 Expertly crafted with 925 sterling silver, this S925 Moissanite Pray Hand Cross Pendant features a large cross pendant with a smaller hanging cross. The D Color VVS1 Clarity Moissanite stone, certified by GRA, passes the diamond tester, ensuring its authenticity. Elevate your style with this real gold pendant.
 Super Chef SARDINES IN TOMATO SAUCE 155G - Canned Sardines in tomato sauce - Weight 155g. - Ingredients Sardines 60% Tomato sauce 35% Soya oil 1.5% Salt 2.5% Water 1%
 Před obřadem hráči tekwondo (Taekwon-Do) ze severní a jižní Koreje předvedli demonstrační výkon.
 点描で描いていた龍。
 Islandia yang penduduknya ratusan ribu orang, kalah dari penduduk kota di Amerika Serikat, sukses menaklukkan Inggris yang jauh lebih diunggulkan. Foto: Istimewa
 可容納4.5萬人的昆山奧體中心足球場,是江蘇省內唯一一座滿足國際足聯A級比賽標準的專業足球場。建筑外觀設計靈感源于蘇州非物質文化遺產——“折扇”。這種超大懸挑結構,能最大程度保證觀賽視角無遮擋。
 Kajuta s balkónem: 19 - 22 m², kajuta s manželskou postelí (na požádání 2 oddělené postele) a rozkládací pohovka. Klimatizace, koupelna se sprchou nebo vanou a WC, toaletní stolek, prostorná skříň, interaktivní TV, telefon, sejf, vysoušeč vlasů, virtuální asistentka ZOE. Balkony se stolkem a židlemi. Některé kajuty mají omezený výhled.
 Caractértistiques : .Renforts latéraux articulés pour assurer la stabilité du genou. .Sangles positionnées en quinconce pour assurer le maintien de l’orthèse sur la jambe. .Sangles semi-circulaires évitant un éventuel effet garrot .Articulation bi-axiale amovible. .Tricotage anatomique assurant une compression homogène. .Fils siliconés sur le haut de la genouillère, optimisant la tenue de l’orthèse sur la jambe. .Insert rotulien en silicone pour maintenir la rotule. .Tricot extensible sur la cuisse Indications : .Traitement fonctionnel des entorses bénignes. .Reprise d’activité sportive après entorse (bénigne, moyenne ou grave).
——————
• [Task to complete] Would you print all of the entries exactly as they stand?

• [Answer to this exercise]
 Expertly crafted with 925 sterling silver, this S925 Moissanite Pray Hand Cross Pendant features a large cross pendant with a smaller hanging cross. The D Color VVS1 Clarity Moissanite stone, certified by GRA, passes the diamond tester, ensuring its authenticity. Elevate your style with this real gold pendant.
 Super Chef SARDINES IN TOMATO SAUCE 155G - Canned Sardines in tomato sauce - Weight 155g. - Ingredients Sardines 60% Tomato sauce 35% Soya oil 1.5% Salt 2.5% Water 1%
 Před obřadem hráči tekwondo (Taekwon-Do) ze severní a jižní Koreje předvedli demonstrační výkon.
 点描で描いていた龍。
 Islandia yang penduduknya ratusan ribu orang, kalah dari penduduk kota di Amerika Serikat, sukses menaklukkan Inggris yang jauh lebih diunggulkan. Foto: Istimewa
 可容納4.5萬人的昆山奧體中心足球場,是江蘇省內唯一一座滿足國際足聯A級比賽標準的專業足球場。建筑外觀設計靈感源于蘇州非物質文化遺產——“折扇”。這種超大懸挑結構,能最大程度保證觀賽視角無遮擋。
 Kajuta s balkónem: 19 - 22 m², kajuta s manželskou postelí (na požádání 2 oddělené postele) a rozkládací pohovka. Klimatizace, koupelna se sprchou nebo vanou a WC, toaletní stolek, prostorná skříň, interaktivní TV, telefon, sejf, vysoušeč vlasů, virtuální asistentka ZOE. Balkony se stolkem a židlemi. Některé kajuty mají omezený výhled.
 Caractértistiques : .Renforts latéraux articulés pour assurer la stabilité du genou. .Sangles positionnées en quinconce pour assurer le maintien de l’orthèse sur la jambe. .Sangles semi-circulaires évitant un éventuel effet garrot .Articulation bi-axiale amovible. .Tricotage anatomique assurant une compression homogène. .Fils siliconés sur le haut de la genouillère, optimisant la tenue de l’orthèse sur la jambe. .Insert rotulien en silicone pour maintenir la rotule. .Tricot extensible sur la cuisse Indications : .Traitement fonctionnel des entorses bénignes. .Reprise d’activité sportive après entorse (bénigne, moyenne ou grave).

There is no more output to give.